From the random names dataset benchmarks, we can collect some insights:

  • jsort.Sort is the fastest among all stable sort APIs. It’s 15% slower than sort.Sort which is an unstable sort, and it’s 50%~100% faster than sort.Stable.
  • Timsort needs extra space.
  • sort.SliceStable can be 100% slower than sort.Stable, while the gap is 20% for jsort.Slice and jsort.Sort.

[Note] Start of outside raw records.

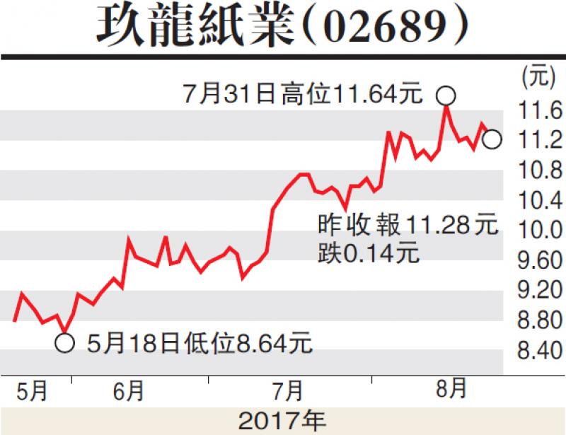 近年內地紙業市場供不應求,五月至七月本為市場傳統淡季,唯紙品價格仍持續上升,大部分企業已先後提價二至三次,浙江省部分地區更有造紙廠暫停接單。玖紙上半年已上調產品售價數次,每噸紙價共上調200至300元,五月至七月份亦暫停四台機器生產約9至50天,相信下半年紙價將再有上調空間。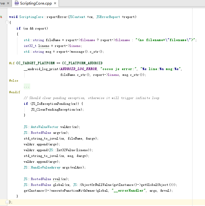 CC版本1.6.1 看到大家有在打包的 Native 下用 jsb 的 window.__errorHandle 来捕获,在 ScirptingCore.cpp 里面也有发现这个调用,但是并没有执行。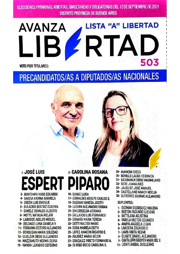 - Avanza Libertad: José Luis Espert – Carolina Píparo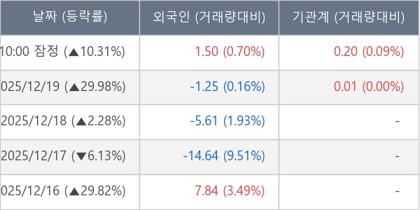 [장중수급포착] 나노팀, 외국인/기관 동시 순매수… 주가 +10.31%

On the xor names dataset, jsort.Sort is the clearing winner on speed. It’s even faster than sort.Sort.

#4 Benchmark: Go2 Generics

How does the experimental Go2 generics perform on the same tasks? As GO111MODULE is turned off by go2go, I can’t import jsort package in a go2 file. The benchmark only compares the go2 version of dual-pivot sort and timsort to the built-in sort functions.

  • The translated code of “Dps-Go2” is basically the same as “Dps-SpecializedInts”, it’s no surprise that it’s the fastest for int slice.
  • The speed of “Timsort-Go2” is on par with “Stable-TimSort-Interface”, but it uses more extra space as it internally allocates []Person instead of []int. If the size of the struct Person increases, more space would be needed.

Conclusion

Go’s sort functions can be improved for better performance by using other algorithms. If sorting speed is critical to your application, please give jsort package a try.